That gender reveal parties are animated through virality suggests a need to look at digital rhetorics. Ridolfo and DeVoss advance “rhetorical velocity” as a means of theorizing rhetorical delivery coupled with an understanding of how texts work in mediated terrains. Rhetorical velocity can help us to make sense of the virality undergirding gender reveal parties. Rhetorical velocity draws the rhetorician’s attention to “the speed at which information composed to be recomposed travels” and thus focuses on the rhetor’s attention to “the working conditions of the third party and what type of text it would be useful (or not) to provide” (“Composing”). In short, rhetorical velocity gestures at intent—the rhetor’s intent in terms of crafting and delivering a text that can be “recomposed, redelivered, redistributed, etc., across physical and virtual networks and spaces” (“Composing”). However, and as we have established, a performance approach to rhetoric is interested in effect over intent. In this regard, that which is remixed (in this case, gender reveal parties as cultural performance) diverges from that which is constructed in mediated terrains for mediated repurposing. Still, gender reveal parties are cultural performances that remix elements of that which came before.

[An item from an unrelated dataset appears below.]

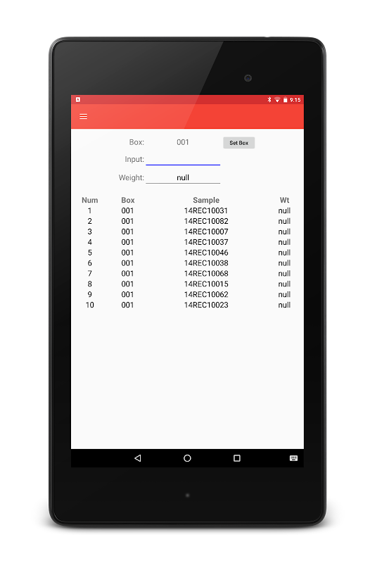 Inventory is a program that lets users collect inventory and weight data simultaneously. The app can perform as a standalone sample collection platform but is also compatible with Elane USB scales. These scales can be plugged directly into Android devices with USB OTG functionality. A USB hub can be used to allow both a scale and barcode scanner to run at the same time.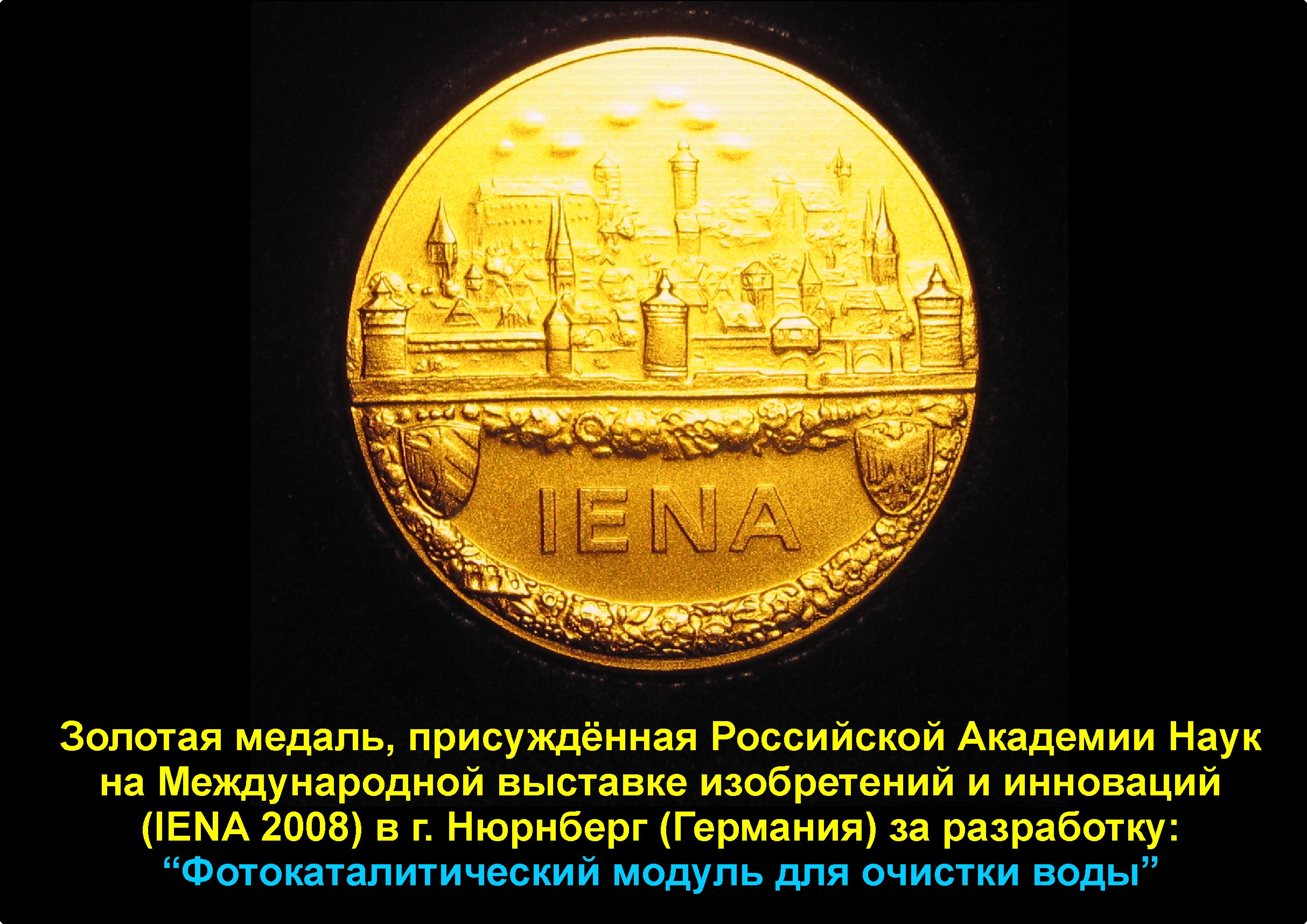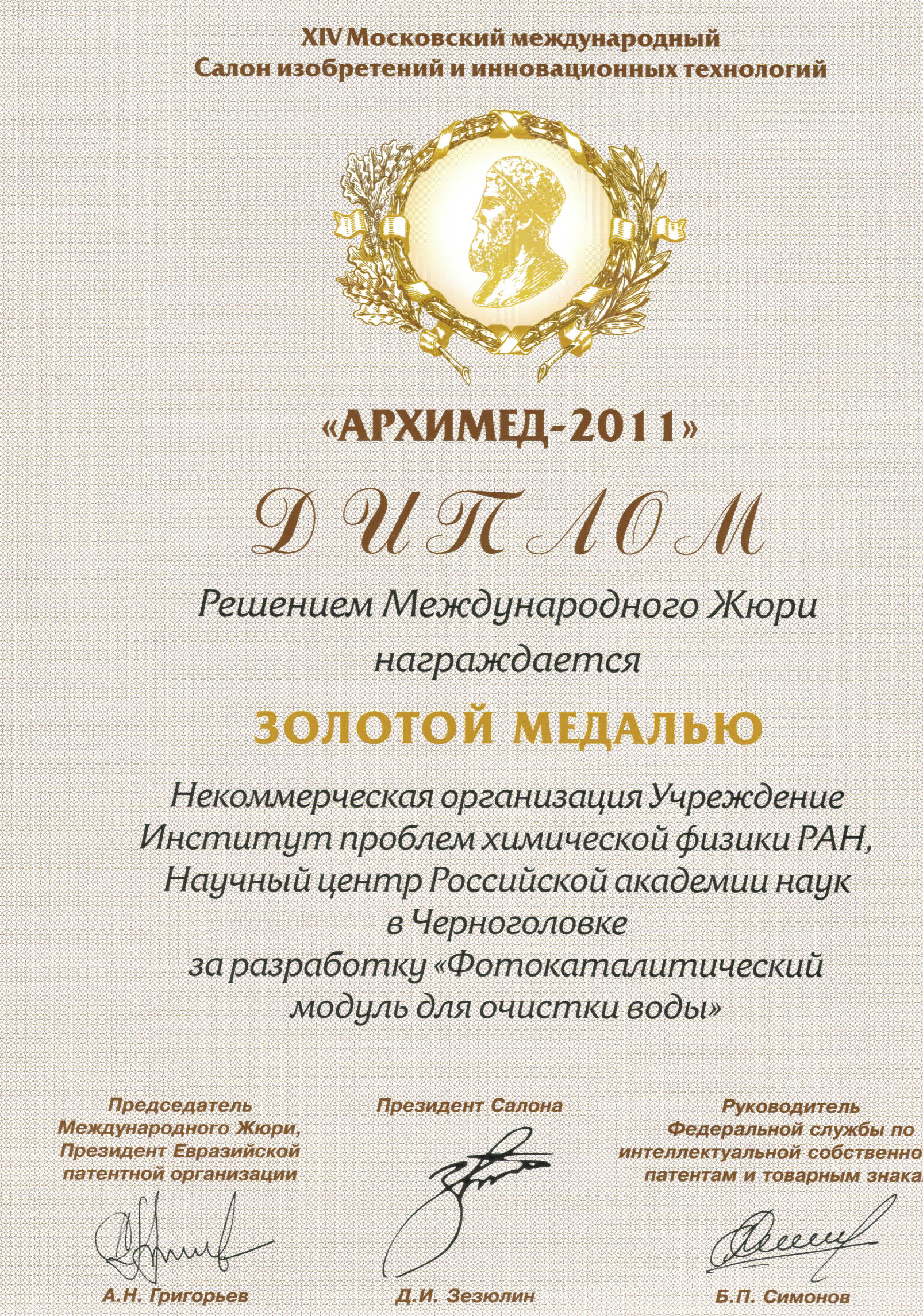 Award: Gold medal at the XIV International Salon of Inventions and Innovative Technologies "Archimedes-2011" for the development of "Photocatalytic module for water purification". |

Undergirding each of these remixed enactments, however, are repetitions of racist cisheterosexist ideology. As such, the rhetorical message stays the same (nonconsensually disclosing genitals and suturing a racialized cisheterosexist map of meaning on to a fetus) while the performative mechanism by which the message is delivered changes. Said differently, rhetorical velocity draws our attention to the unique rhetorical means by which a genital disclosure occurs through the performative use of the colors pink and blue. However, what is less addressed are the ideological strongholds that possibilize the traction for the cultural performance at all. That is, hegemonic ideologies—in this case, racist cisheterosexism—are what enable the velocity by which gender reveal parties gain rhetorical traction through a mundane compulsory want to re-perform and document a racialized cisheterosexist ritual of sex/gender interpellation. And, in turn, while the rhetor may not intend a gender reveal fail, a failure provokes virality as a result of its unwillingness to easily acquiesce to racist cisheterosexism as a presumably uneventful unfolding of sex/gender intelligibility.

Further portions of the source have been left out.